The Year of Hunger

The Year of Hunger

A Venda Folktale


Once upon a time there was a terrible drought in Venda. Everybody was suffering severely but the baboons that lived in the mountains were the worst off. They were about to die of hunger. At this desperate point they had an urgent meeting and decided to send one of them to go and work for the Venda king down in the valley. Who will they send? Just then a beautiful young baboon called Nyamuleli walked past. They grabbed her and skinned her alive and a lovely young girl appeared.

“Now, Nyamuleli, listen carefully to us. You are to go and work for the Venda king down there in the valley. Your first chores will definitely be to pound mealies and fetch water. Remember how we are suffering and when you go down to the river hide a small pot of mealies under a rock so as to keep us alive.”

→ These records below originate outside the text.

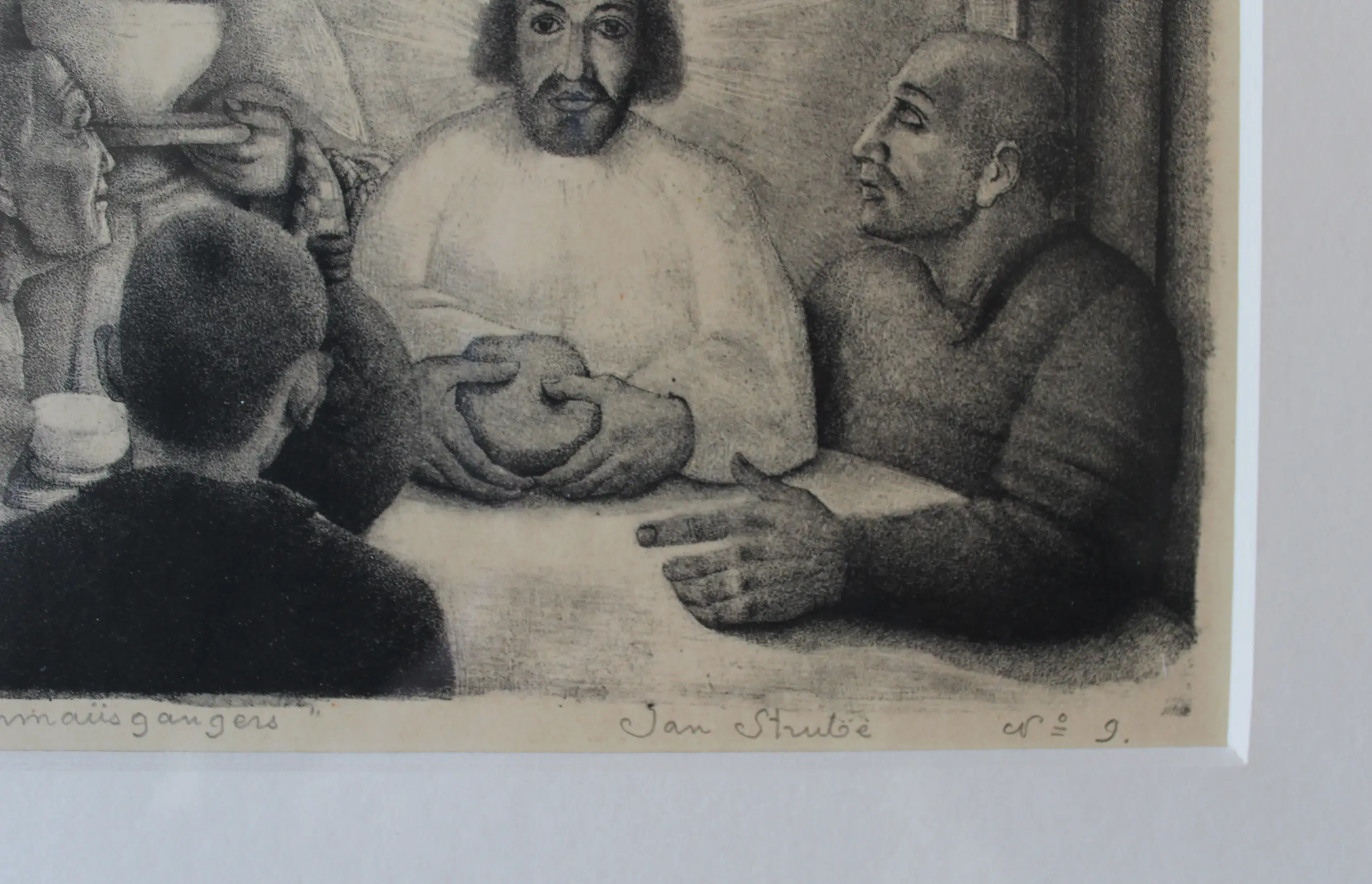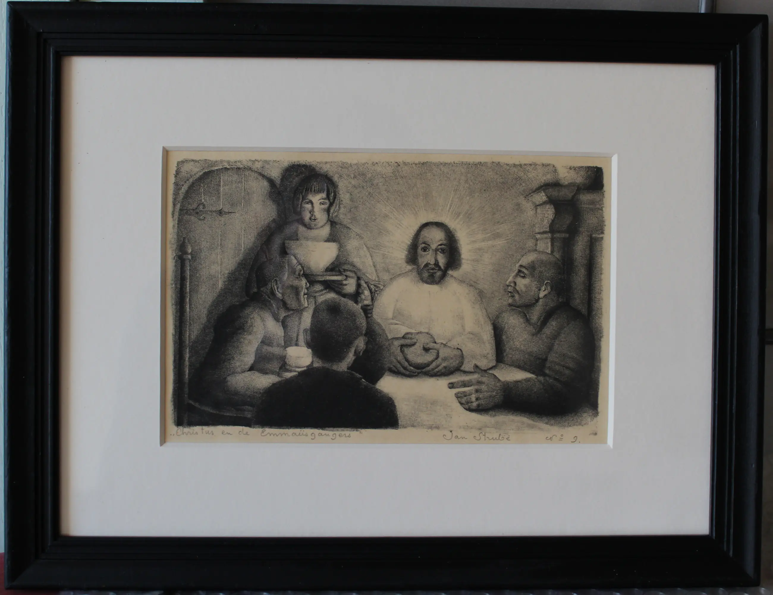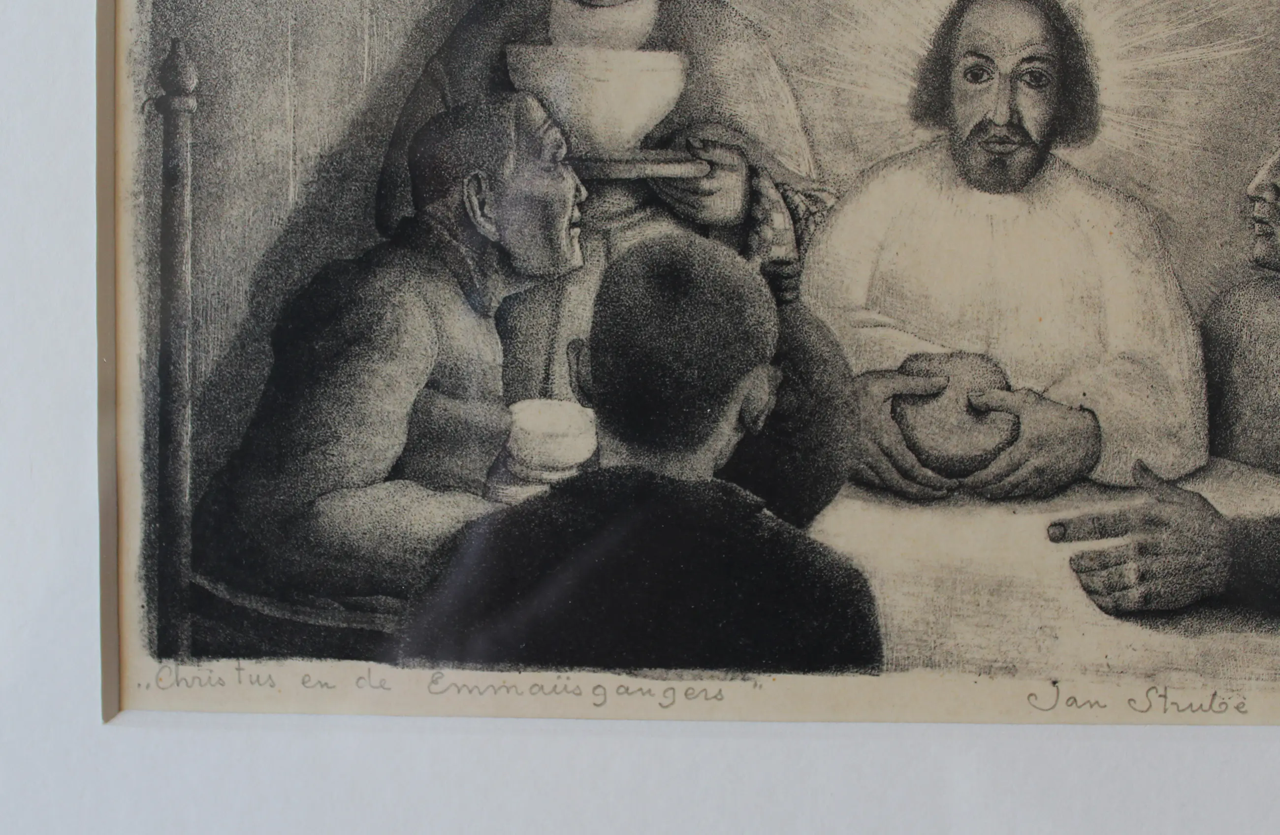 Litho of steendruk; afdruk op papier. Ingelijst met zuurvrije materialen, zodat er geen vergeling meer optreedt. Dit Bijbelse tafereel is ook afgebeeld op een olieverfschilderij van zijn hand.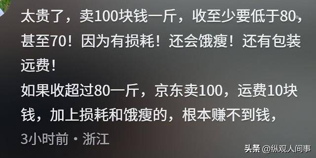 “京东就算按80一斤收都可能不挣钱,你怎么敢100块一斤从农户手里直接收的。”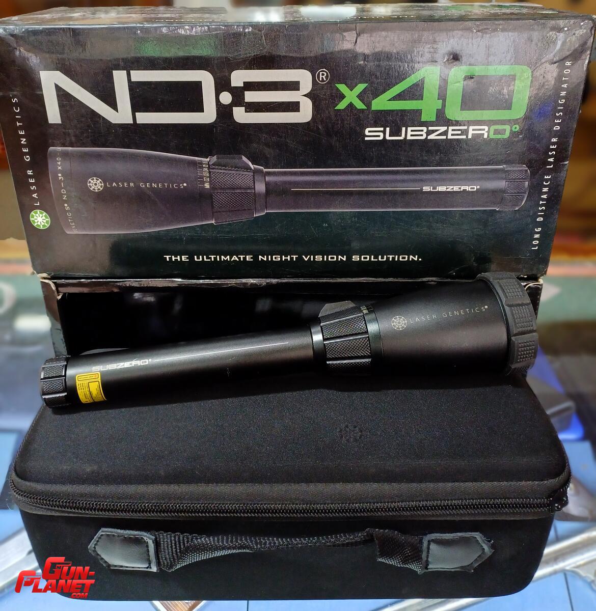 Linterna Laser Genetics ND3X40 SUB ZERO, verde, en caja, estuche, montaje y suitch remoto impecable estado. Para cacería Nocturna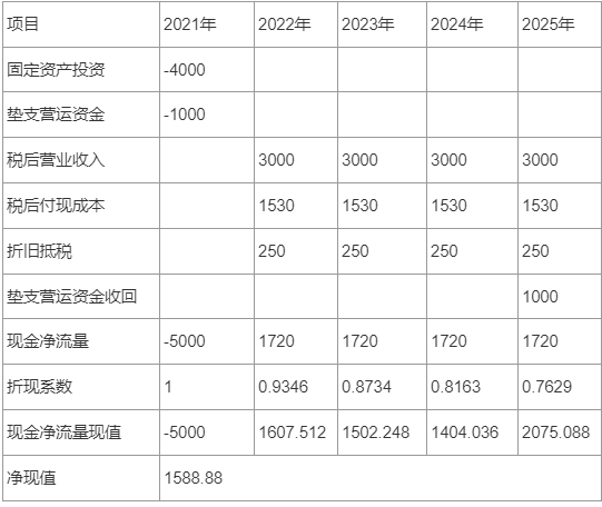(2)将新项目的增量现金流量进行列表,并回答是否值得投资。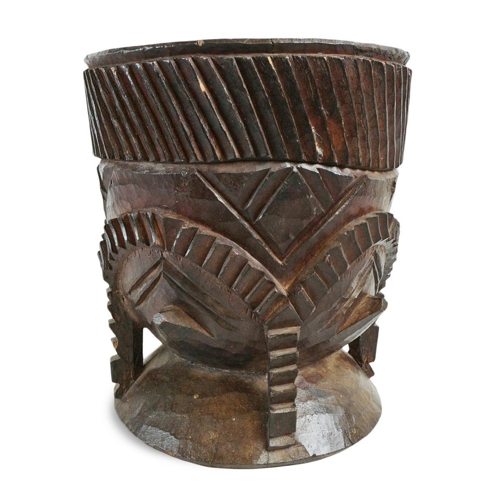 Vintage Nupe Pot aus geschnitztem Holz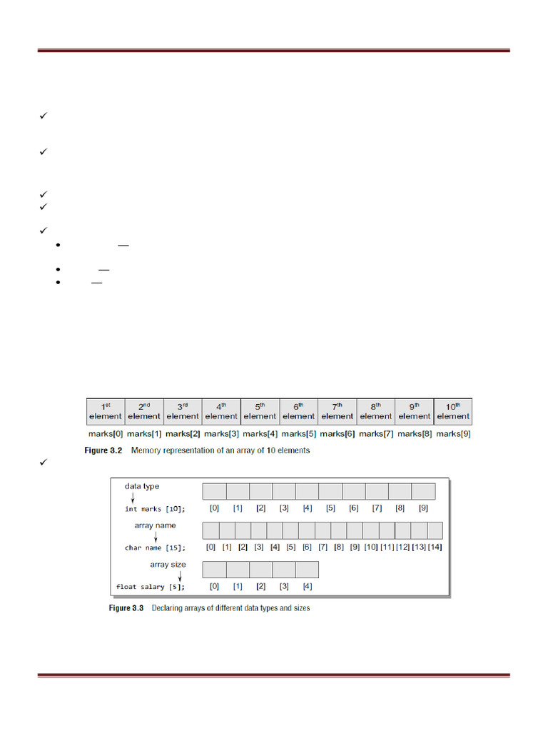 As shown in Fig. 3.2, the first element of the array marks[10] can be accessed by writing marks[0].
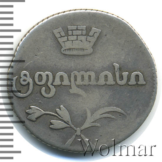 Динамика цен по монете Двойной абаз 1816 АТ „Для Грузии в составе Российской Империи“ XFДвойной абаз 1816 года АТДата выпуска: 01.01.1816 АверсВ центре надпись «თბილისი" (Тбилиси). Над надписью — каменная зубчатая корона (эмблема Тбилиси). Под надписью — перекрещённые пальмовая и оливковая ветви.РеверсВ центре надпись — надпись в две строки: «ქართლი თეთრი" (грузинское серебро). Над надписью грузинская цифра, обозначающая номинал — 400 динаров (40 копеек). Ниже надписи указан год чеканки. Под ним прямая черта. Под чертой буквы «А.Т». Инициалы минцмейстера Александра Трифонова.Каталожные номера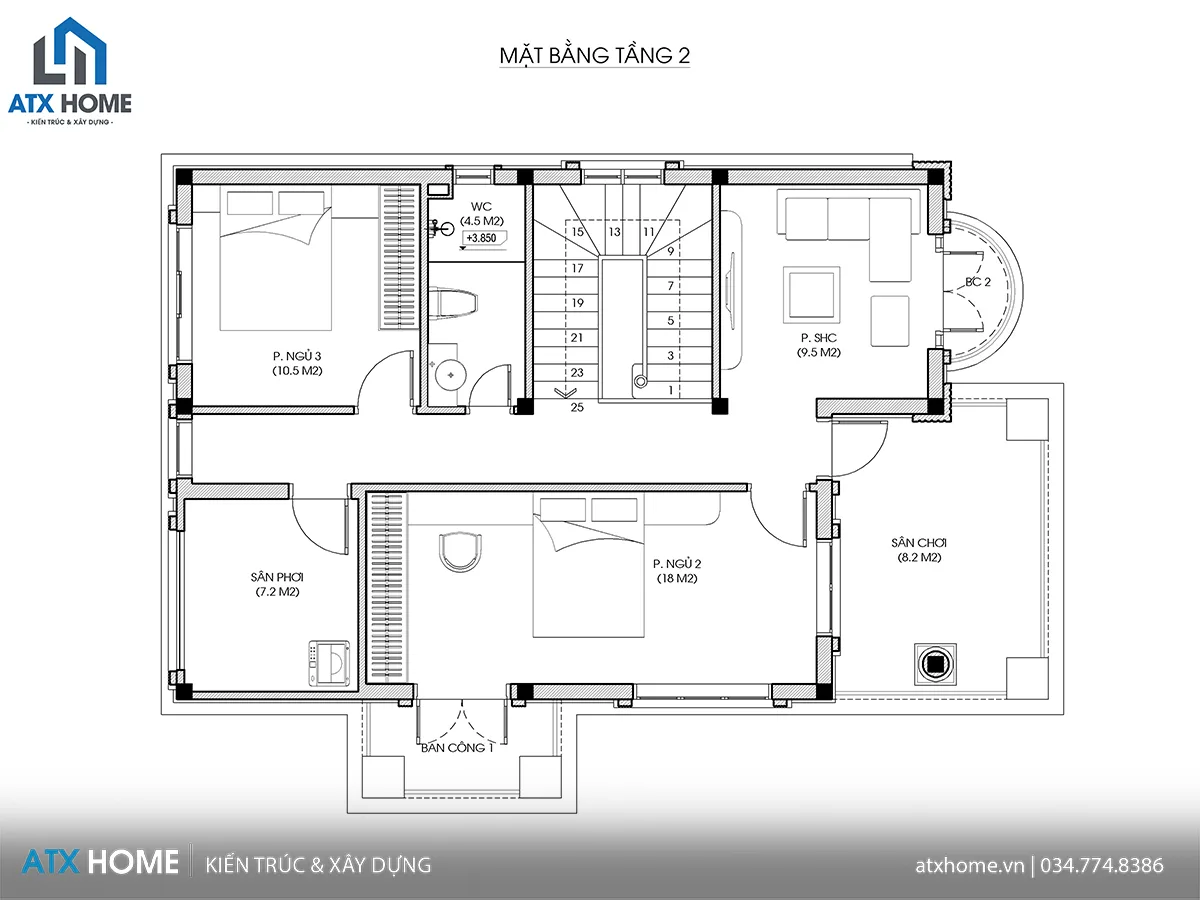 Tầng 2 được bố trí gồm 2 phòng ngủ (10.5m² và 18m²), đều có cửa sổ lớn hướng ra sân chơi và ban công, giúp đón gió và ánh sáng tự nhiên tối đa. Khu vực trung tâm là phòng sinh hoạt chung 9.5m², nơi cả gia đình có thể thư giãn, xem phim hoặc đọc sách cùng nhau.

Nyamuleli trembled but agreed to save her kin folk.
At the homestead of the Venda king she was immediately brought to the king who was impressed by her beauty. The chores of a new wife were always to pound mealies at night and to fetch water. Every morning she hid some mealies for her desperate family but after a while the other wives of the Venda king became suspicious so Nyamuleli stopped stealing food.

“Look at her down there in the valley!” the other baboons said. “She is fat and shiny and has forgotten her suffering relatives.”

They decided to teach her a lesson. Everyone who could play a musical instrument, drums or mbila, or who could sing gathered and marched down to the musanda – the king’s homestead – singing:

“Nyamuleli forgot her blanket

Nyamuleli forgot her blanket made of baboon skin.”

The Venda king thought it was great fun and ordered all his wives and children to come and listen to the musical performance. Everybody joined in the fun except Nyamuleli, who recognised her family members.

“Where is my beautiful young wife?”  the king asked.

“Bring her, everybody must be here and have some fun.”

Nyamuleli was forced to come and watch.

“Nyamuleli forgot her blanket

Nyamuleli forgot her blanket made of baboon skin”

The troop danced closer and closer to Nyamuleli and suddenly the leader flung the old baboon skin over Nyamuleli and there she changed back into a baboon again.

“Ocho, ocho, ocho,” the baboons shouted as they ran away.

The king watched as they scattered towards the dry mountains and said, “good heavens, all this time I had been married to a baboon.”

Copyright © Dr Ina le Roux

 Interpretation

Famine often forces people to take desperate measures. Parents may decide to take their children to family or friends  who are better off. It is a familiar strategy to send a girl to work for others, or even marry, in order that she unobtrusively may set aside food for her family. This is not regarded as common theft, nor is this kind of marriage regarded as conventional. The story also points to the habitual exploitation, albeit under extreme conditions, of the weak, particularly women. The story also reminds listeners not to aspire beyond their social status, nor to forsake their family ties.

Traditionally women and children are powerless, and they find relief from their frustrations in the sharing of their common problems in the telling of these stories.